*TRY IT*: For the listing below, the answer is an exact retyping of the lines from the one with "Juego de peines" through the one with "네이트온에서는 SKT인증회원에게는 100건, 네이트온", both included, without pictures.

*INPUT MATERIAL*:
┌──

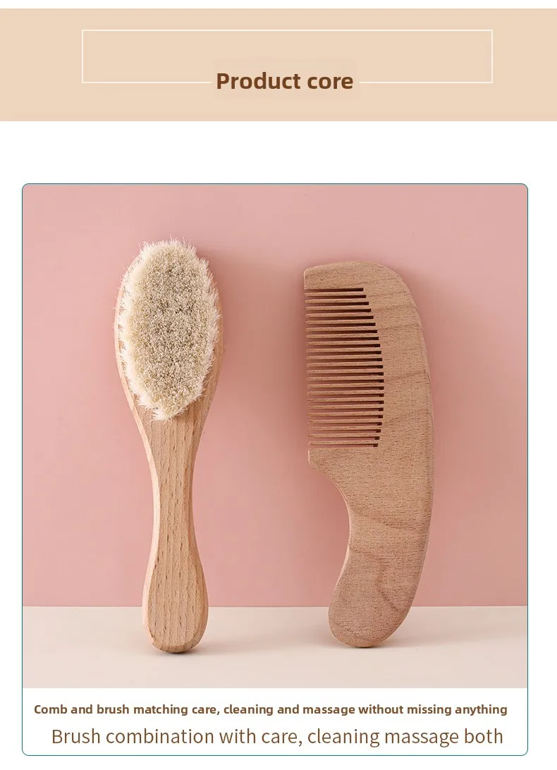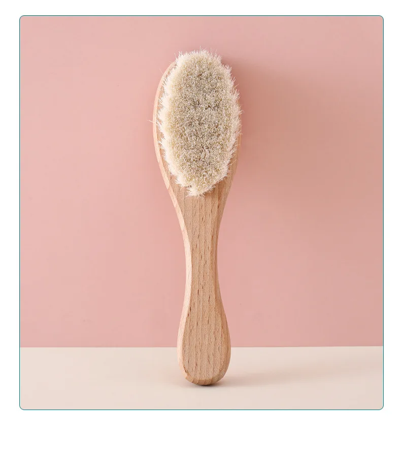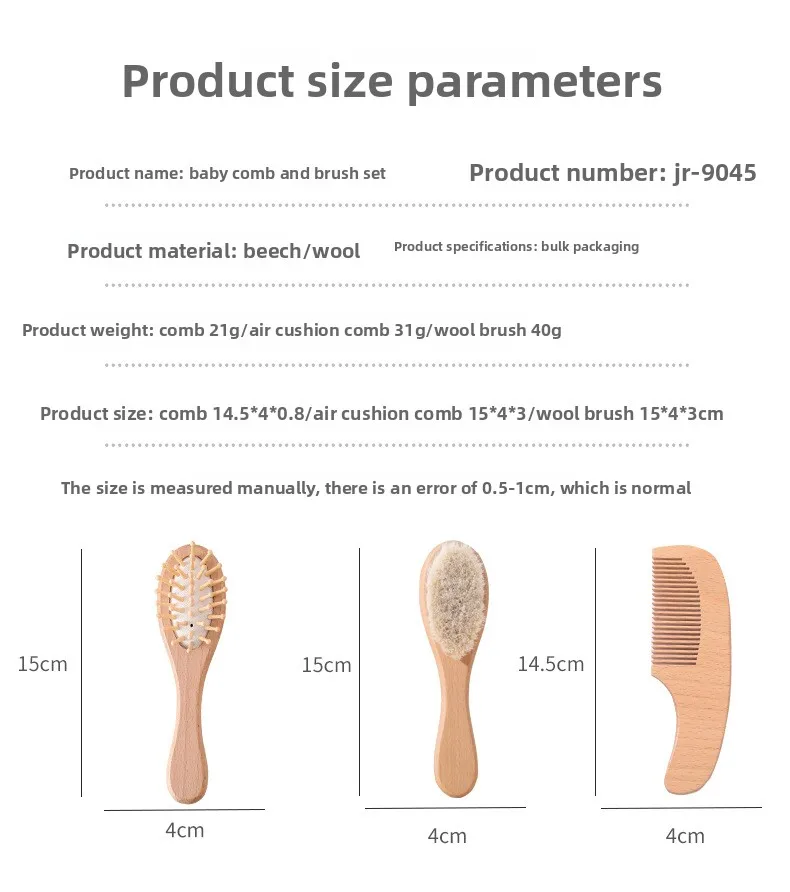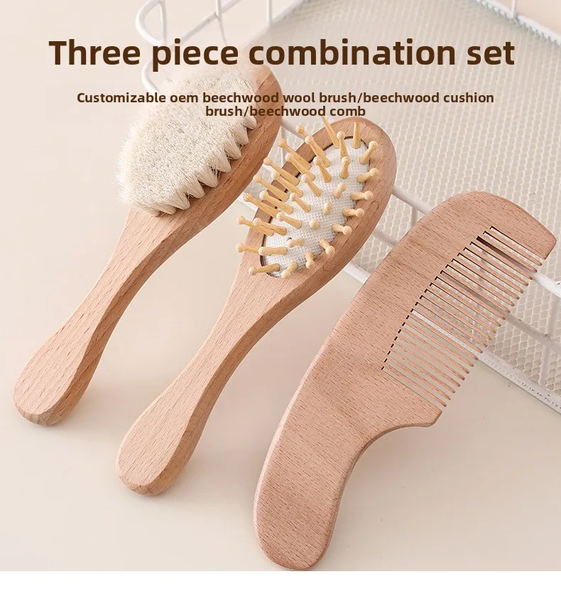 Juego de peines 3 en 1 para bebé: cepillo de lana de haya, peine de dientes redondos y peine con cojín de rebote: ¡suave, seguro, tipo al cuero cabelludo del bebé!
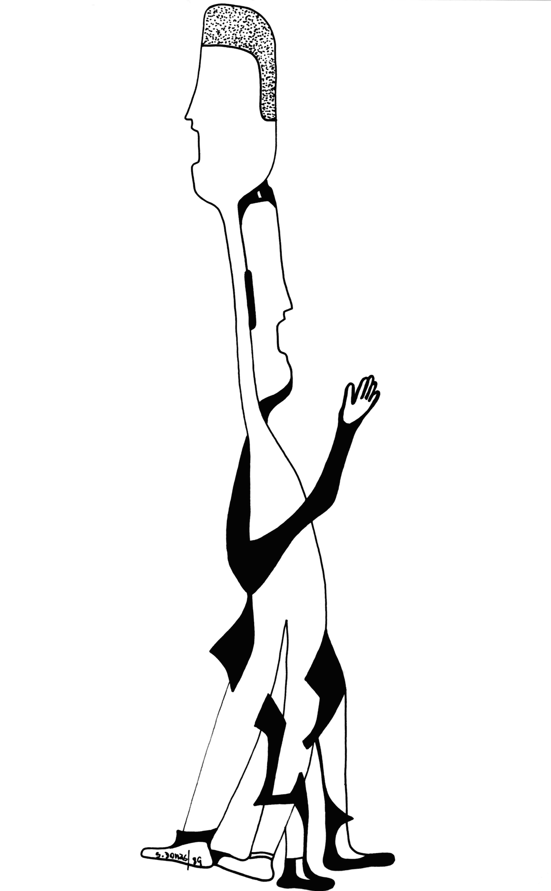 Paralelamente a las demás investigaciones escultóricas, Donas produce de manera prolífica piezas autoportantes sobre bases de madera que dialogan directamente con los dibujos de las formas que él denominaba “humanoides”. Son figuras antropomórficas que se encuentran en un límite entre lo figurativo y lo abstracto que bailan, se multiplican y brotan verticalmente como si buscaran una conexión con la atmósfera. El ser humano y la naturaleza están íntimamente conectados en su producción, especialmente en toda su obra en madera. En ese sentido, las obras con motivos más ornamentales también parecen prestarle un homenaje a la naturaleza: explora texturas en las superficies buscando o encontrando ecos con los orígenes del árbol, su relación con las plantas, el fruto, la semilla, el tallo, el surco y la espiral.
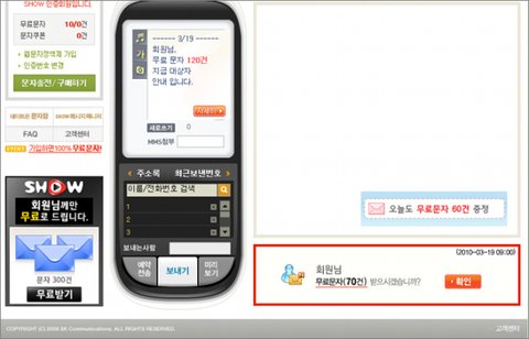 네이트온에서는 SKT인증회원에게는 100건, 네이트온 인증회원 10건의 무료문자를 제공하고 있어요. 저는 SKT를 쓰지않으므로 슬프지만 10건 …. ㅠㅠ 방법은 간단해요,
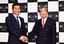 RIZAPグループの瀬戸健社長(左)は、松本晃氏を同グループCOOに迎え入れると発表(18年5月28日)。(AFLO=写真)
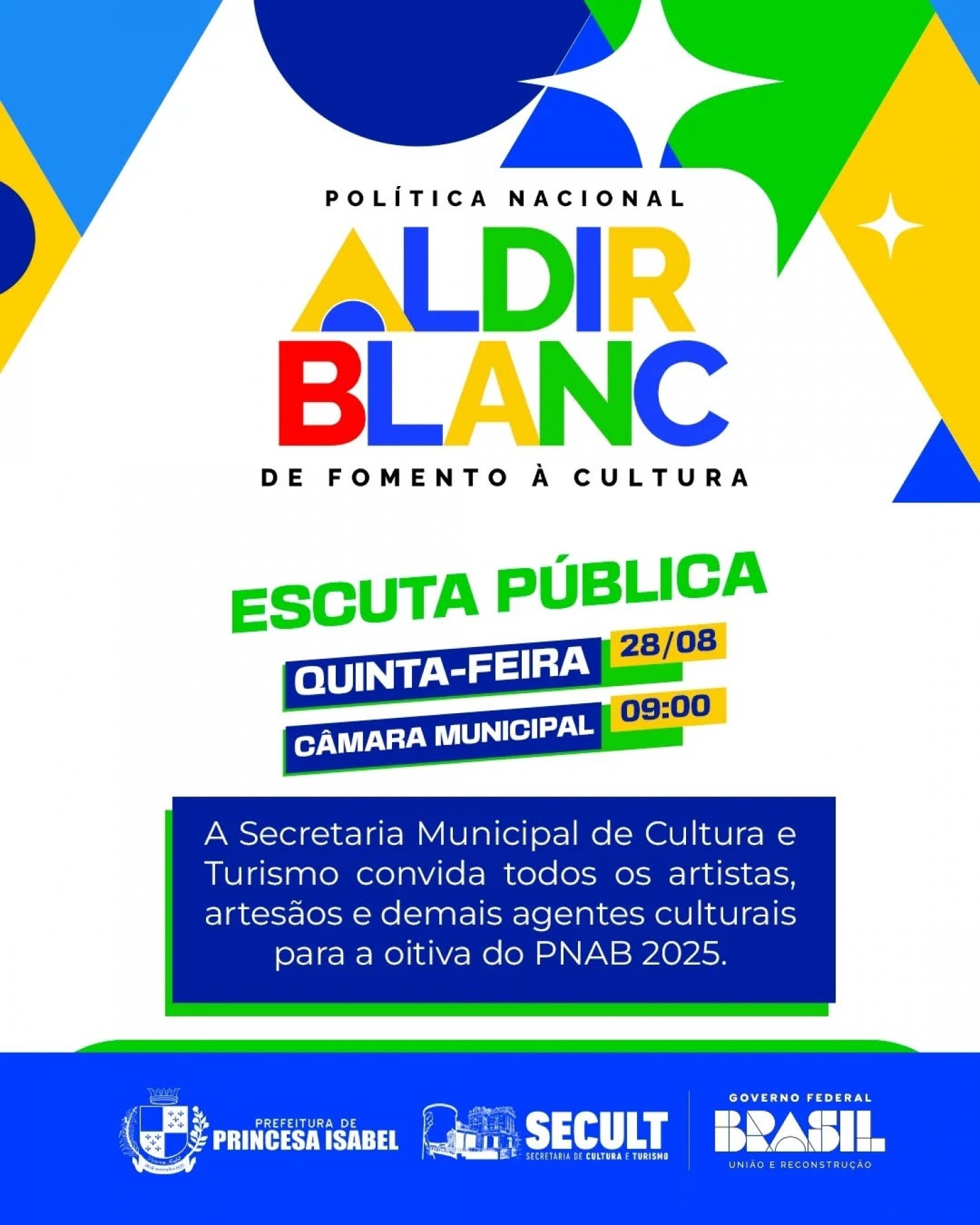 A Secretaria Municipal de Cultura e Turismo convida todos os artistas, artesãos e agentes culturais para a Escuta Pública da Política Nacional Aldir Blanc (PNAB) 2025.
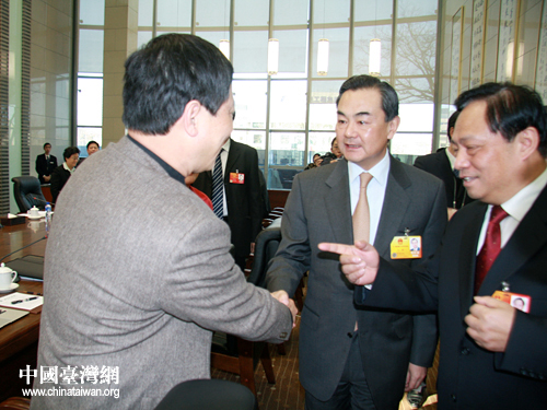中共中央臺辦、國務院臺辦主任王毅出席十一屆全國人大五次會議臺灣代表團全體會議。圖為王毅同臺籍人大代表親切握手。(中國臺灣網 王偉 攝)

└──
┌──

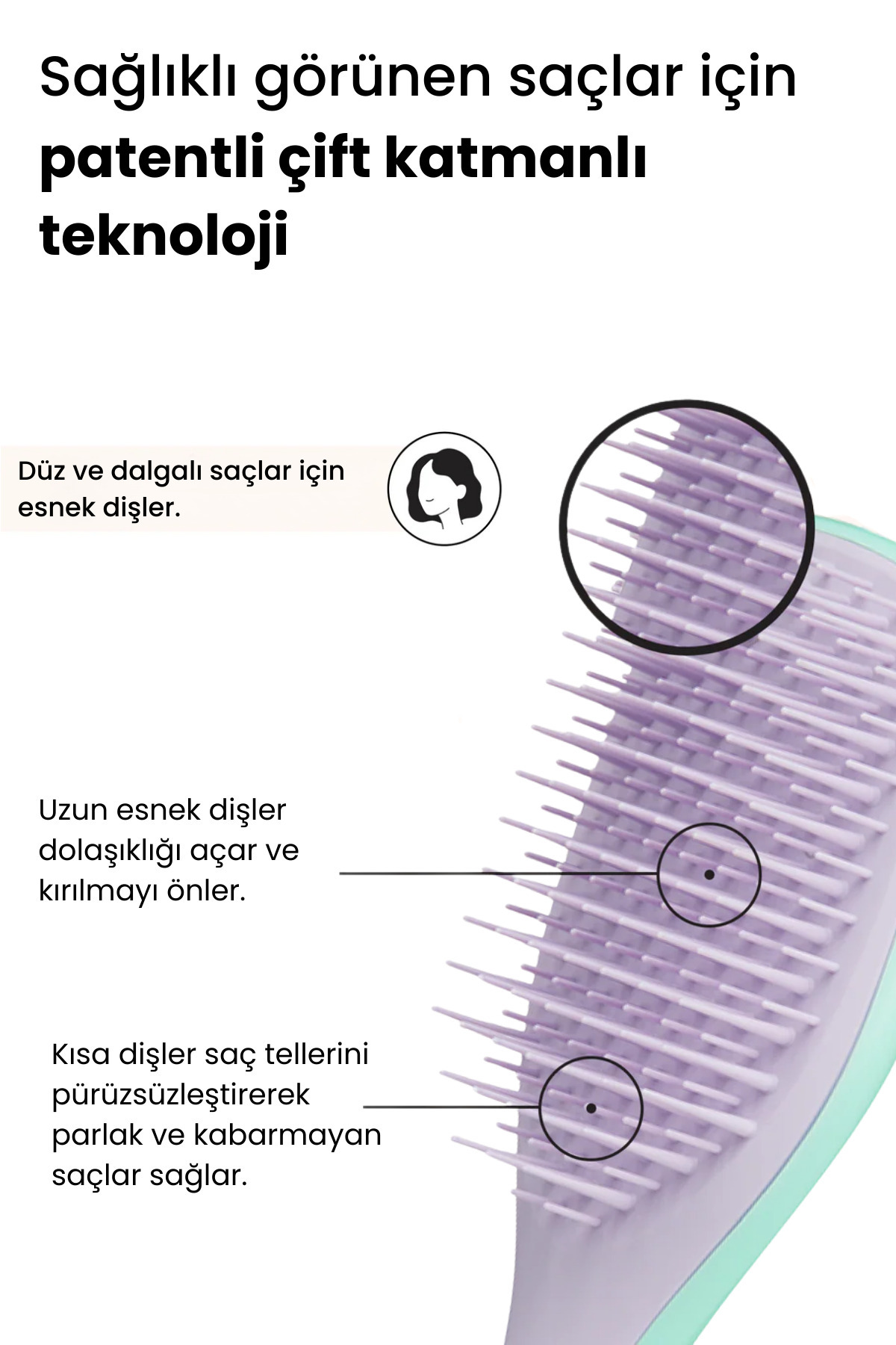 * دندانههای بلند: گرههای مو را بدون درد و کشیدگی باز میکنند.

└──

*SOLUTION TO THE PROBLEM*:
 Juego de peines 3 en 1 para bebé: cepillo de lana de haya, peine de dientes redondos y peine con cojín de rebote: ¡suave, seguro, tipo al cuero cabelludo del bebé!
 Paralelamente a las demás investigaciones escultóricas, Donas produce de manera prolífica piezas autoportantes sobre bases de madera que dialogan directamente con los dibujos de las formas que él denominaba “humanoides”. Son figuras antropomórficas que se encuentran en un límite entre lo figurativo y lo abstracto que bailan, se multiplican y brotan verticalmente como si buscaran una conexión con la atmósfera. El ser humano y la naturaleza están íntimamente conectados en su producción, especialmente en toda su obra en madera. En ese sentido, las obras con motivos más ornamentales también parecen prestarle un homenaje a la naturaleza: explora texturas en las superficies buscando o encontrando ecos con los orígenes del árbol, su relación con las plantas, el fruto, la semilla, el tallo, el surco y la espiral.
 네이트온에서는 SKT인증회원에게는 100건, 네이트온 인증회원 10건의 무료문자를 제공하고 있어요. 저는 SKT를 쓰지않으므로 슬프지만 10건 …. ㅠㅠ 방법은 간단해요,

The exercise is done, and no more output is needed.